A patient in New Zealand last week became the first person to be injected with a drug that is designed to powerfully and permanently lower cholesterol, ushering in a critical test of Crispr gene-editing technology.
That Crispr is already moving out of the realm of rare diseases and into a common one is a significant development. This trial also comes when new types of gene editors are proliferating, and it could help tip the scales toward some over others.
To bring Crispr to the masses, Verve turned to a newer variation of Crispr called “base editing.” Whereas the original gene-editing tool, Crispr-Cas9, uses a two-part system — “guide RNA” ferries an enzyme called Cas9 to a selected stretch of DNA, which the Cas9 snips out — base editing uses guide RNA alongside a different enzyme capable of changing individual DNA building blocks, or nucleotides.
Such precise, single-letter swaps could be used to fix DNA in people with rare genetic diseases caused by just one wrong letter — an A (adenosine) that should be a G (guanosine), for instance, or a C (cytosine) that should be a T (thymine).
That type of subtle change, if made in just the right spot, could also be used to stop cells from churning out a troublesome protein. That’s Verve’s approach. The company’s one-time injection changes a single letter of DNA in the instructions for building a protein called PCSK9, which is known to drive up levels of LDL, or “bad” cholesterol.
Verve plans to aim the drug at the roughly 1 million people in the US with an inherited form of dangerously high cholesterol called familial hypercholesterolemia. Long term, however, the company thinks its therapy could offer a permanent, potentially more effective alternative to the statins that millions of Americans take every day. In that distant and still theoretical future, the average person could get Verve’s one-time shot to keep cholesterol low enough to avoid heart attacks altogether.
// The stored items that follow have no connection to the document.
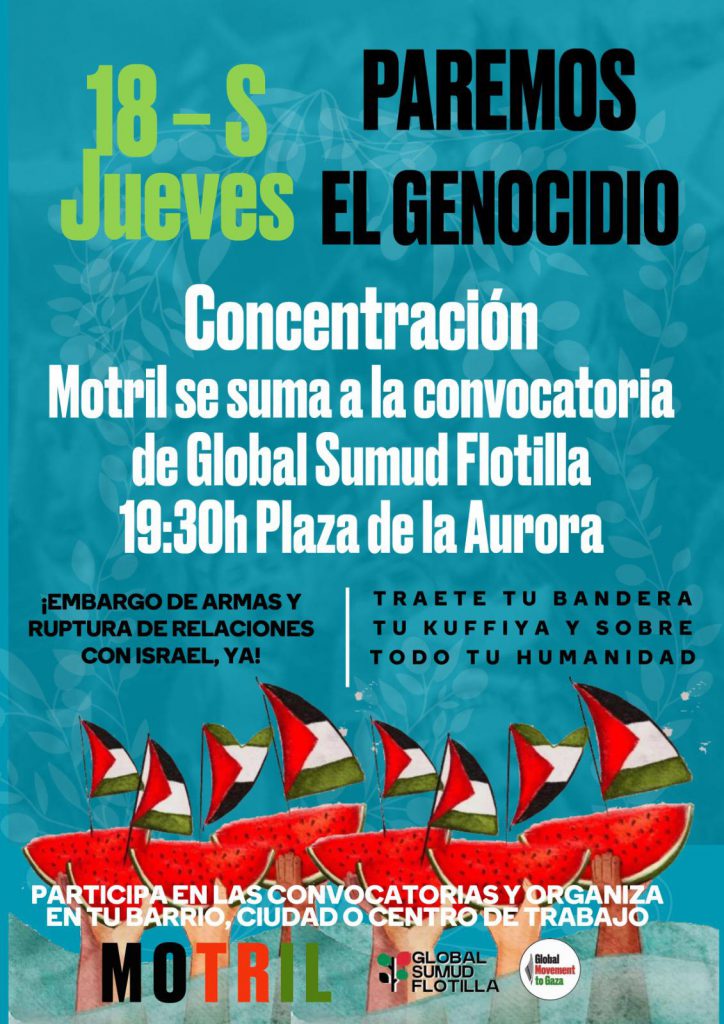 «Convocamos a todas aquellas personas que sientan un compromiso humano con el pueblo palestino a participar en la concentración que tendrá lugar en la plaza de Aurora de Motril, el jueves 18 de septiembre, a las 19:30 horas»
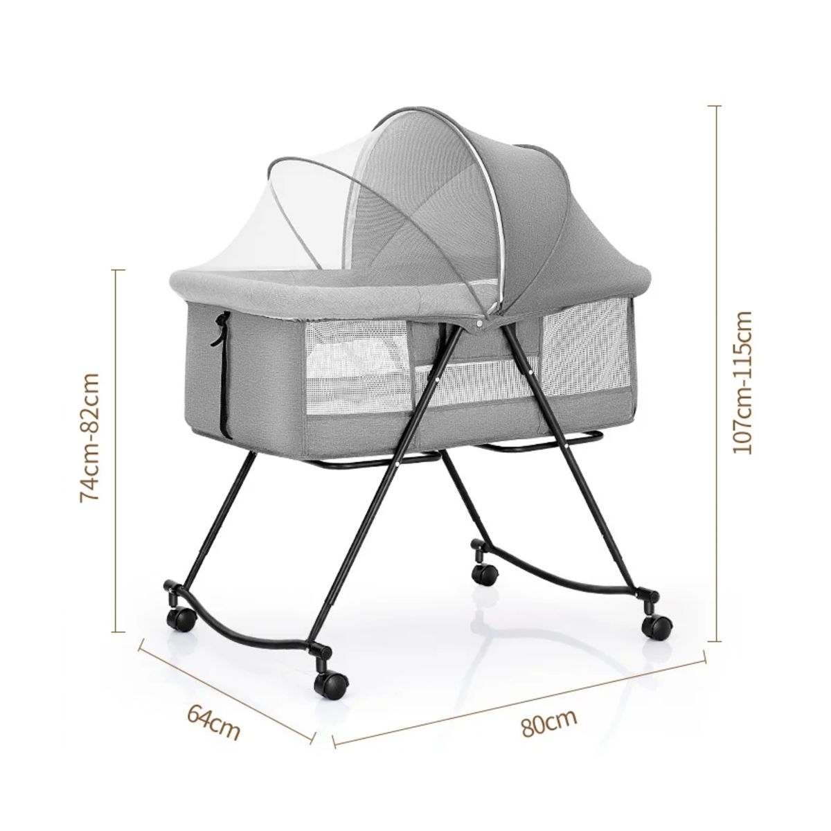 [Cradle for baby Information] Material: Stainless steel, Color: Grey, Size: 91 x 66 x 115cm(LxWxH). Our baby bedside sleeper is made of comfortable and durable materials with mosquito net. It can improve your sleep, and convenient for you to take care of your baby at any time
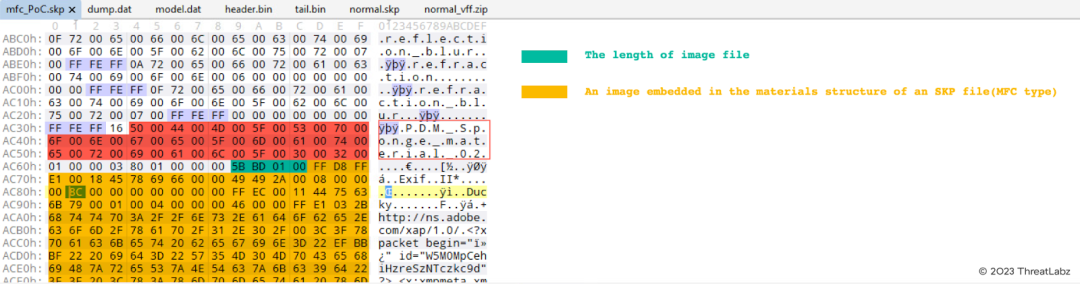 When comparing a normal SKP file to the minimized SKP PoC file, only 1 byte is mutated within a JPEG image that’s part of the ‘materials’ structure in the SKP file (as shown in Figure 26).
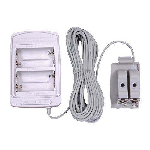 Makes battery replacement easy for AcuRite 5-in-1 sensors mounted on Roofs, poles, or other hard-to-reach locations^Extra-long 30-foot cable lets you keep the batteries in a remote, weather-resistant compartment that you can mount in a ground-level location^Setup is easy: battery pack inserts into the battery compartment on any AcuRite 5-in-1 weather sensor. Secure the cord in place with the Included clips, then position where desired^No sensor data is Lost during battery changes! dual-compartment design allows for replacement of batteries without loss of power to the sensor^Includes mounting hardware
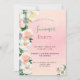 Une invitation estivale en blanc, corail et pêche. Un fond couleur rose gold, rose poudré. Décoré de grandes fleurs aquarelles luxuriantes, fleurs en blanc, corail et pêche. Modèle pour votre nom et les informations de la fête. Le mot Été est écrit avec une police manuscrite de style moderne. Texte en vert, rose gold foncé et noir.

When developing the therapy, Verve assumed it would use the original Crispr gene editor. But after spending six months in the lab comparing Crispr, base editing and several other next-generation editors, base editing won out, in large part because of its precision. Verve licensed the technology from Beam Therapeutics, which was founded in 2017 based on discoveries made by Broad Institute scientist David Liu.
A second reason for using base editors was safety, Verve’s Chief Scientific Officer Andrew Bellinger told me. Base editors modify the genetic code without making breaks in DNA. Scientists have worried the kind of double-stranded breaks made by Crispr-Cas9 could introduce a range of permanent errors if the DNA didn’t paste itself back together correctly. The risk of such errors is especially worrisome when chasing a disease that affects millions of people.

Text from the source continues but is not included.